The following example is designed to illustrate the interactions between the FIND rules and the ELEMENT rules. It is a complete OmniMark program and can be executed. As will be illustrated, OmniMark can switch domains several times during the execution of the actions of a single rule. From the point of view of the OmniMark programmer, the find and output processors are executing concurrently. The asynchronicity is determined by the information requirements, and information generation capability of the SGML parser.

The object of this OmniMark program is to move generalized text information "across" the SGML parser through buffers, from the FIND rule to the ELEMENT rules and vice versa. It is not a practical example in and of itself, but forms the model for existing commercial OmniMark applications.

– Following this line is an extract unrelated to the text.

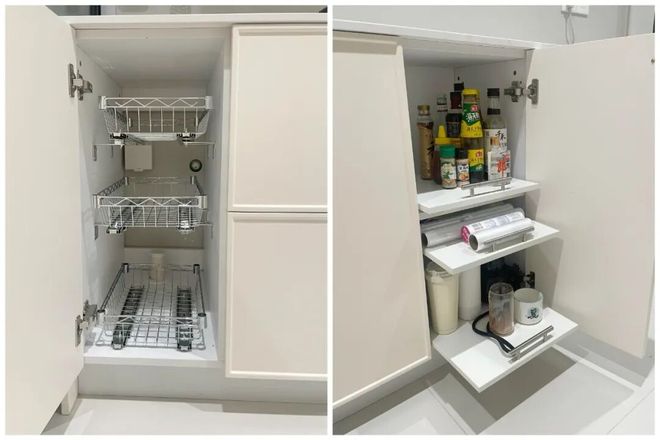 橱柜隔层算是最“鸡肋”的设计了,不仅严重浪费了收纳力,每次找东西时还得蹲下来翻半天,那叫一个麻烦。

   CONTEXT-TRANSLATE                              ;  1
                                                  ;  2
   GLOBAL STREAM main                             ;  3
   GLOBAL STREAM find-state                       ;  4
                                                  ;  5
   ELEMENT main                                   ;  6
     OUTPUT find-state                            ;  7
     SET main TO "Processing ELEMENT 'main'%n"    ;  8
     OUTPUT "%c"                                  ;  9
                                                  ; 10
   ELEMENT alpha                                  ; 11
     OUTPUT "%g(find-state)"                      ; 12
     SUPPRESS                                     ; 13
                                                  ; 14
   ELEMENT beta                                   ; 15
     SUPPRESS                                     ; 16
                                                  ; 17
   FIND "\doc"                                    ; 18
     SET find-state TO "Processing FIND 'doc'%n"  ; 19
     OUTPUT "<main>"                           ; 20
     SET find-state TO "%g(main)"                 ; 21
     OUTPUT "<beta>"                           ; 22
                                                  ; 23
   FIND-START                                        ; 24
     OUTPUT "<!doctype main ["                    ; 25
     OUTPUT "<!ELEMENT main  - o (alpha, beta)>"  ; 26
     OUTPUT "<!ELEMENT alpha - o empty>"          ; 27
     OUTPUT "<!ELEMENT beta  - o empty>]>"        ; 28
                                                  ; 29
   SGML-ERROR                                     ; 30

Given a document with the content "\doc", OmniMark will execute this program as follows:

Line 1: The compiler sets this program up as a context-translation. OmniMark begins in the output processor. It first tries to select DOCUMENT-START rules. As there are none it then attempts to obtain information from the internal SGML parser. The SGML parser has not received any information from the input processor so it then attempts to obtain information from OmniMark in the input processor.
Lines 24 through 28: The FIND-START rule is the first rule to be selected. OmniMark executes each of its actions in the order they are written. These actions will output a small Document Type Declaration to the #SGML stream. While this is somewhat unusual, it is apropos for this example.
The #SGML stream is directed into the internal SGML parser. The SGML parser will parse the complete DTD and will be in a state ready for a document instance.
The SGML parser asks OmniMark for more information. There are no more FIND-START rules so OmniMark begins to read the document (assume a document opened on the command line). The first (and only in this example) text read from the document is "\doc". OmniMark compares the text to the patterns in its available FIND rules.
Line 18: The only FIND rule is selected because its pattern matched the text of the document. OmniMark begins to execute the actions in the FIND rule in the order written.
Line 19: OmniMark attaches the stream find-state to a buffer and sets the buffer's contents to "Processing FIND 'doc'%n". The SET action accomplishes this by:
- opening the stream find-state and attaching it to a buffer. The find-state stream now belongs to the input processor. Only FIND, FIND-START, FIND-END, and SGML-ERROR rules may write to this stream.
- SET then writes "Processing FIND 'doc'%n" to the find-state stream.
- SET closes the find-state stream.
Line 20: OmniMark writes <main> to the #SGML stream.
The SGML parser recognizes <main> as a valid start tag and passes it to OmniMark in the output processor.
- Line 6: OmniMark examines the ELEMENT rules available and selects the main ELEMENT rule. OmniMark begins to execute the actions in the rule in the order they are written.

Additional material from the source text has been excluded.